January 12, 2015 — Another round in the fight over adequate fish passage at the Union River Dam came to an end late last month, but the heavyweight battle to relicense the hydroelectric generation facility is far from over.
In September 2013, the Federal Energy Regulatory Commission ordered Black Bear Hydro Partners LLC to conduct 16 environmental studies as a part of the company’s pending application to renew the dam’s license in 2017 Black Bear operates the dam and is owned by the Bermuda-based, Brookfield Renewable Energy Partners, a subsidiary of Brookfield Asset Management of Toronto.
In October, Black Bear filed an initial report of its studies. Interested parties including the National Marine Fisheries Service, the U.S Fish & Wildlife Service, the Department of Marine Resources, the Downeast Salmon Federation and the Union Salmon Association, among others, asked FERC to order that Black Bear do three new studies and do more work on five studies already required.

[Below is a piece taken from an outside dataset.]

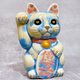 日本清水燒招財貓 花結晶 縹 億万両 右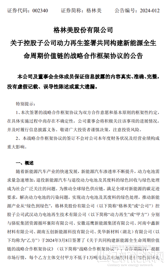 近日,格林美发布《关于控股子公司动力再生签署共同构建新能源全生命周期价值链的战略合作框架协议的公告》。

In a letter to Black Bear dated Dec. 30, FERC approved two of the requests, approved three more with some modification but denied request that the company conduct a new study of upstream passage beyond the dam for river herring such as alewives, and modify its study of upstream passage for the American eel requested by a conservation group and a comprehensive study to determine the “fish community” in the Union River watershed requested by, among other parties, NMFS and DMR.
Despite the split decision, Duane Shaw, executive director of the Downeast Salmon Federation, was pleased with the commission’s action.
“This is really good from our perspective,” Shaw said in a telephone conversation last week.
FERC’s earlier order “didn’t require any field studies,” to be conducted by Black Bear and Brookfield, “and now they are,” Shaw said. The possibility that those studies could be “very expensive,” Shaw said, has led Brookfield to agree to sit down with “a broad coalition” of interested stakeholders in an effort to come to an agreement on the studies’ scope.